To take another example, self-driving cars use cameras, and therefore digital images, to look for (segment) important objects in their environment, such as other cars. Here’s an example where an image segmentation algorithm has split the input image (in the left panel) into segments (in the right panel), including a nearby car.

(Images from the Roboflow image segmentation dataset, licensed under CC-by-4.0).

There are various ways to segment images, many of them implemented in Scikit-image.

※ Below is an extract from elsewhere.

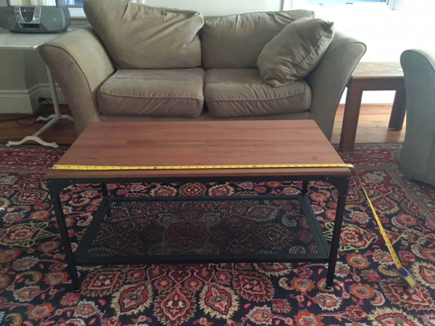 Modern coffee table. Features a wood top and black metal frame. Includes a lower shelf with a metal mesh design. Great for small spaces.
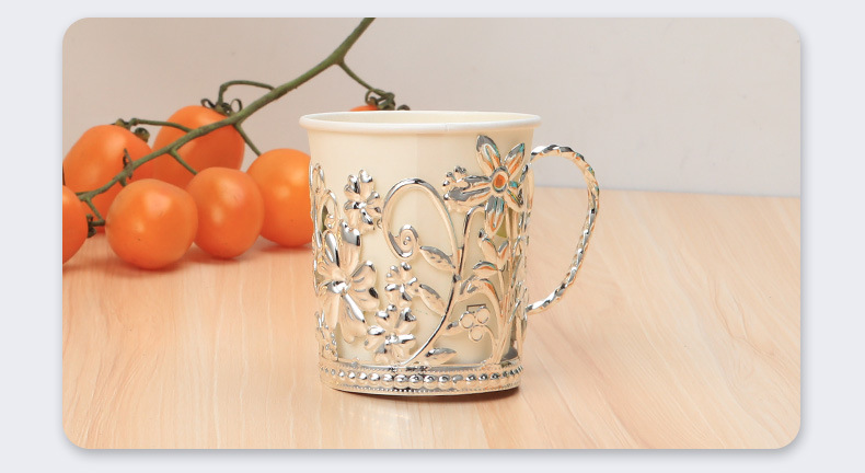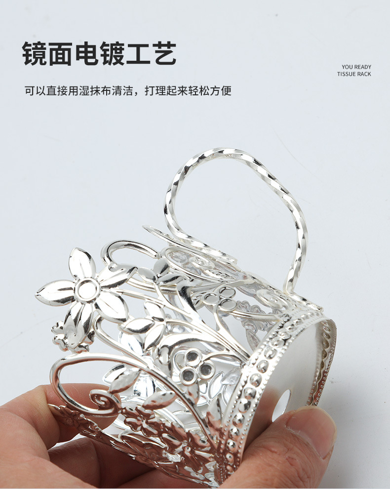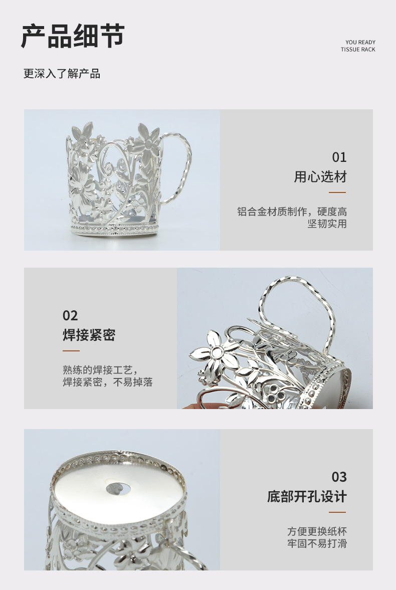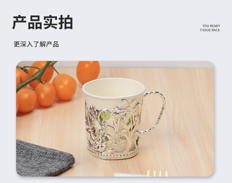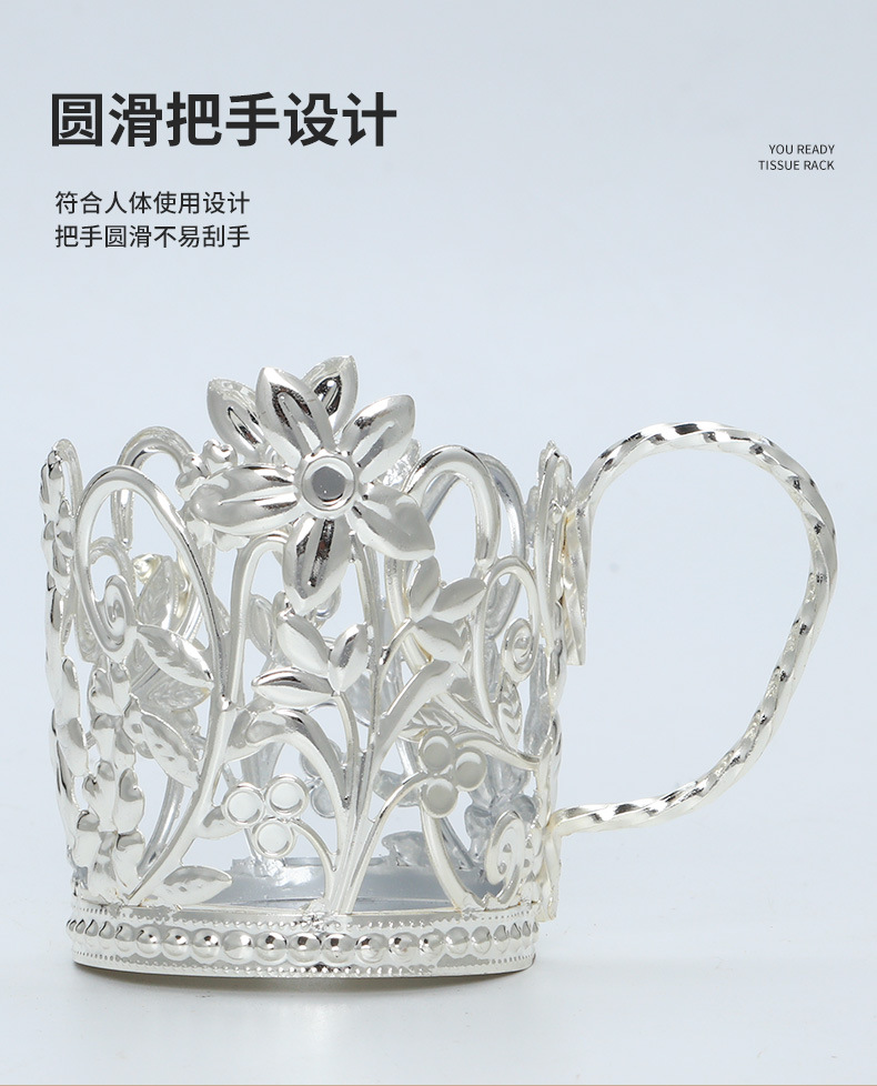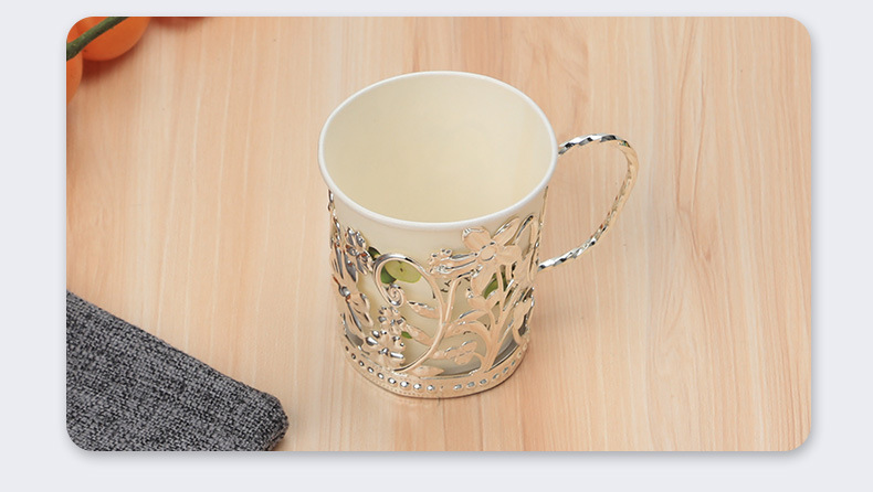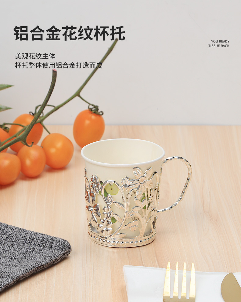 外贸热卖欧式轻奢铁艺纸杯托一次性水杯隔热杯托银色花边隔热杯座

Segmentation contains two major sub-fields#

Supervised segmentation: Some prior knowledge, possibly from human input, is used to guide the algorithm. Supervised algorithms currently included in Scikit-image include:
- Thresholding algorithms that require user input (skimage.filters.threshold_*)
- skimage.segmentation.random_walker (starts with specified markers);
- skimage.segmentation.active_contour (“snake” starting coordinates);
- skimage.segmentation.watershed (basin starting coordinates);
Unsupervised segmentation: No prior knowledge. These algorithms attempt to subdivide into meaningful regions automatically. The user may be able to tweak settings like number of regions.
- Thresholding algorithms which do not require user input.
- skimage.segmentation.slic
- skimage.segmentation.chan_vese
- skimage.segmentation.felzenszwalb
- skimage.segmentation.quickshift

First, some standard imports and a helper function to display our results

import numpy as np

import matplotlib.pyplot as plt

import skimage as ski

# We will often use the segmentation sub-module in this page.
import skimage.segmentation as seg


def image_show(image, nrows=1, ncols=1, cmap='gray', **kwargs):
    """ Display intensity image with `plt.imshow`
    """
    fig, ax = plt.subplots(nrows=nrows, ncols=ncols, figsize=(16, 16))
    ax.imshow(image, cmap=cmap)
    ax.axis('off')
    return fig, ax

Thresholding#

In some images, global or local contrast may be sufficient to separate regions of interest. Simply choosing all pixels above or below a certain threshold may be sufficient to segment such an image.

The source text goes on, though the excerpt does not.